Comment trouver le juste prix, et d'ailleurs existe t il ? la course au prix le plus bas a t elle une fin ? A ces questions une émission a tenté de trouver des réponses, c'était sur France Inter, et vous pouvez l'écouter grâce au Podcast sur leur Site web et comme pour leur venir en écho, l'émission Capital M6 menait une enquête sur les plats cuisinés à prix cassés. Avec pour cette dernière un vrai paradoxe, alors que les prix des matières sont à la hausse les prix des plats préparés n’ont jamais été aussi bas. Là encore, de nombreuses questions sur ce qui ce cache derrière les prix cassés. Il y a de nombreuses passerelles entre les acheteurs/consommateurs que nous sommes tous les jours et les acheteurs professionnels dans les entreprises. Et les 2 émissions étaient passionnantes à suivre de ce point de vue. Nous avons perdu nos repères, et il est vraiment difficile de s’y retrouver, le gratuit a désormais une valeur, et le prix cher n’est plus synonyme de qualité.
Le « low cost » existe aussi dans les assiettes, et nous avions l’exemple, dans l'émission d'M6, d’une fabrication de crêpes (d’ailleurs très peu d’entreprises assument le bas coût et beaucoup ont refusé la caméra…), avec d’un coté une crêpe fabriquée « comme à la maison » avec œuf, gruyère râpé, crème, jambon supérieur etc… et une crêpe « bas coût » avec des produits de moindre qualité (un jambon 40 ou 50 % moins cher que l’autre, moins de produit (la crème a disparue) et des dosages différents (une crêpe plus épaisse donc moins de produit à l’intérieur…). Le résultat une crêpe a 0,4 € pour la première contre 0,15 € pour la dernière. J’avais déjà abordé le sujet dans le papier "Acheter… un prix", et il vrai qu’apprendre à lire une étiquette serait déjà un grand pas.

Exiger un prix avant tout est risqué, et les plats cuisinés sont un bon exemple d’une externalisation (les repas) contrôlées par les prix au détriment de la qualité, même si d’un point de vue d’hygiène, tous ces produits sont irréprochables. J’ai du mal à comprendre la logique d’exigence de prix en baisse permanente, nous faisons en permanence des arbitrages dans nos dépenses, et il est clair que plus les produits achetés ont de la valeur ajoutée (un plat préparé par exemple) et plus ils seront chers, il faut l'accepter.

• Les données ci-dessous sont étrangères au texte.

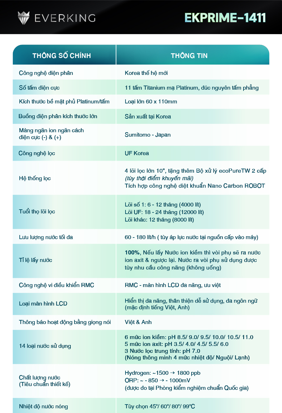 - 3 Nước lọc trung tính pH 7.0 (Nóng thông minh 4 mức nhiệt độ/Nguội/Lạnh) Chất lượng nước đạt chỉ số tối ưu, nồng độ Hydro hoạt tính lên đến ~ 1500 -> 1800 ppb, chống oxy hóa (ORP) lên đến ~ -850 -> -1000 mV, chỉ số lý tưởng của máy lọc nước điện giải ion kiềm, được kiểm nghiệm trực tiếp tại Phòng Thí Nghiệm chuyên nghiệp cấp quốc gia. Chỉ số Hydrogen, ORP của nước tùy thuộc số tấm điện cực, đặc tính nguồn nước & “điều kiện đo trong phòng thí nghiệm chuyên nghiệp, đạt chuẩn”. Tích hợp chức năng Nóng – Lạnh đầy tiện ích – Đạt Kỷ Lục Châu Á & Thế Giới – Bản quyền phát minh sáng chế Công nghệ vi điều khiển RMC/LCD tiên tiến, khác biệt vượt trội: Đỉnh cao công nghệ điện phân Korea Hệ thống đa cấp lọc hoàn hảo EVERKING EKPrime-1411 được tích hợp công nghệ UF tiên tiến lọc nước trung tính, với hệ thống lọc đa cấp sản xuất Hàn Quốc & công nghệ diệt khuẩn Nano Carbon (ROBOT) vẫn “giữ được các khoáng chất tự nhiên của nước cho quá trình điện phân tạo nước điện giải bền vững 24/24 suốt vòng đời của máy”. Kiểu dáng hiện đại thiết kế thông minh Máy lọc nước điện giải EVERKING EKPrime-1411 có kiểu dáng mới nhất, vô cùng độc đáo, duy nhất thị trường - phù hợp mọi không gian như nhà bếp, phòng ăn, phòng khách, văn phòng, Với sắc màu xanh trắng cẩm thạch chủ đạo, sản phẩm tạo nên cảm giác sang trọng, thư thái và đẳng cấp cho người sử dụng. Giá thành phải chăng cho mọi nhà Nếu so sánh với các sản phẩm nhập khẩu EVERKING EKPrime-1411 có chất lượng vượt trội, đạt chuẩn quốc tế, nhưng giá thành siêu tiết kiệm. Đặc biệt, chi phí thay lõi lọc cũng luôn được nhà sản xuất đảm bảo trong mức dưới 2.000.000đ/năm. Kết hợp chế độ bảo hành chính hãng, luôn sẵn có vật tư linh kiện thay thế nhanh chóng với mức phí ưu đãi nhất. CHỨNG NHẬN CHẤT LƯỢNG EVERKING EKPrime-1411 đạt các chứng nhận cấp quốc tế, Thiết bị Y Tế & An Toàn Điện Châu Âu CE, đăng ký FDA, xác lập Kỷ Lục Việt Nam, Châu Á & Thế Giới, Đĩa Vàng Sáng Tạo Thế Giới, đăng ký bản quyền sáng chế tại Quốc Tế. THÔNG SỐ KỸ THUẬT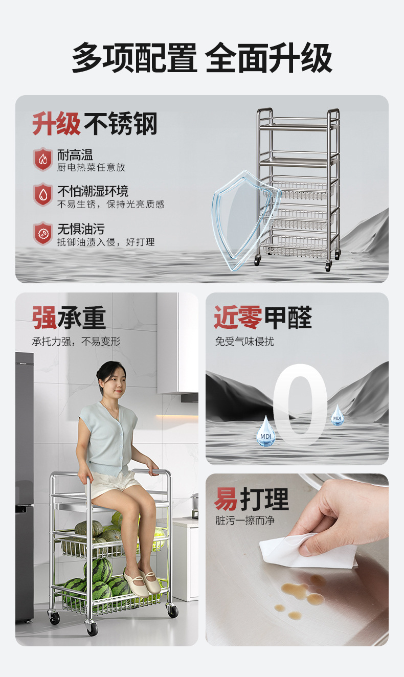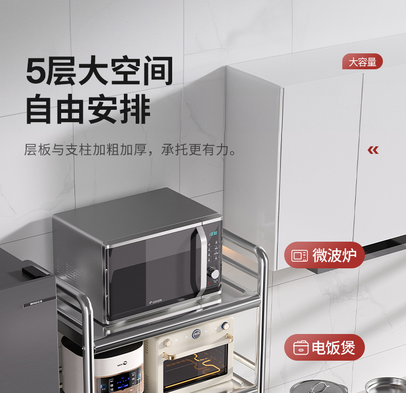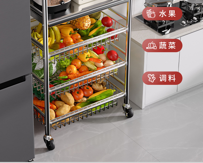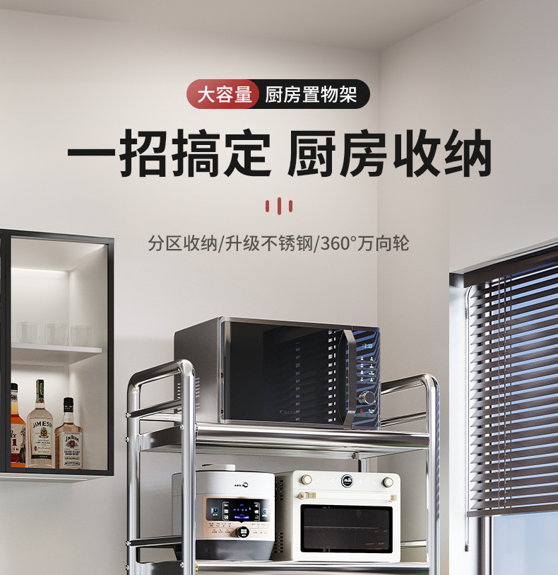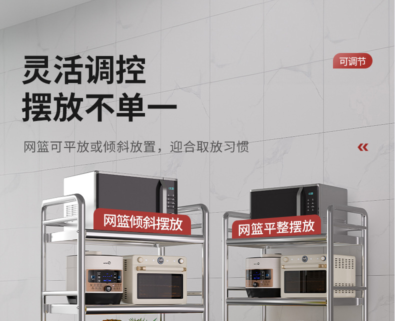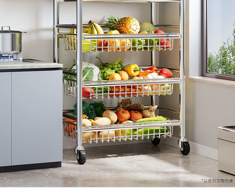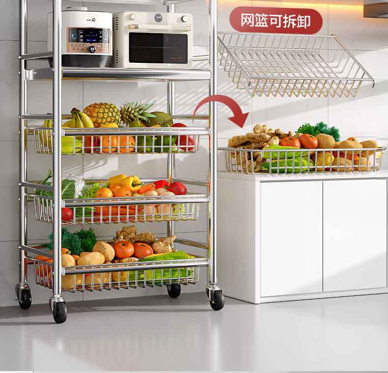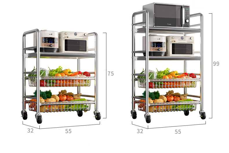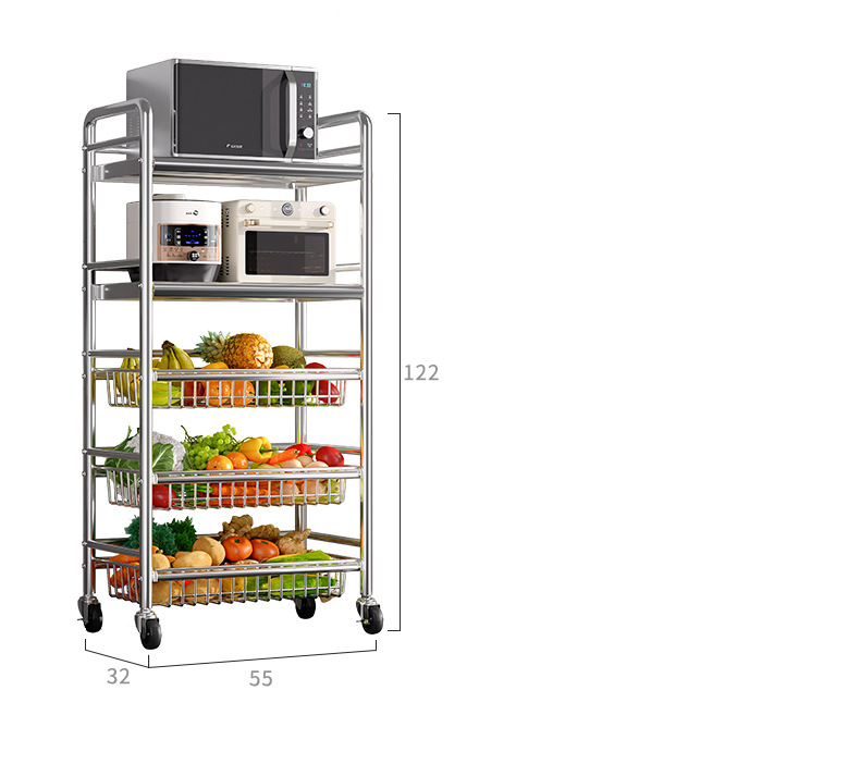 Estante de almacenamiento de cestas de verduras de cocina de acero inoxidable estante de almacenamiento multifuncional de horno de microondas multicapa

Le juste prix c’est surement la logique du commerce équitable, sortir de la logique d’un prix de marché pour entrer dans une logique permettant au producteur de pouvoir vivre de son travail, l’exemple du café est le plus connu, les producteurs dans les filières équitables vendent leurs produits plus cher que dans les filières classiques, et peuvent vivre de leur travail.

Le juste prix n’est pas le prix de marché, on l’a compris, le marché spécule. Le juste prix ne sera pas forcement déterminé lors d’un appel d’offres si l’on se contente de solliciter un prix, mais il sera déterminé lorsque les décompositions de prix seront construites et comprises par l’acheteur sur la base des connaissances acquises lors d’une étude détaillée des processus de conception des produits et de leur fabrication, lors des visites fournisseurs notamment.

Le juste prix c’est également accepter que le fournisseur puisse faire un profit,et le développement du gratuit ou des lowcost est vraiment inquiétant de ce point de vue, car pour pouvoir maintenir un profit le fabricant réduit et/ou délocalise. Savez vous que la Chine a commencé à délocaliser pour maintenir sa compétitivité ?Pour vous un téléphone a t il une valeur que vous êtes prêt à payer ou seulement le gratuit donné par un opérateur ?et pourtant, il a été fabriqué par des vrais gens, avec de vrais matériaux.

Pour comprendre la logique du juste prix il faut savoir ce que l’on attend de ses achats. L’éco-efficacité est une logique à développer, l’éco sera économique mais aussi écologique. Le coût total fait partie entièrement de la démarche. L’expertise dans vos achats clés sera à développer. Mettre vos fournisseurs en concurrence est un aiguillon qui permet de toujours garder un oeil sur le monde extérieur. Comme j’ai déjà pu le dire, acheter est à la portée de tous, mais bien acheter est un métier. L’acheteur n’est pas un coût pour l’entreprise mais une véritable valeur ajoutée.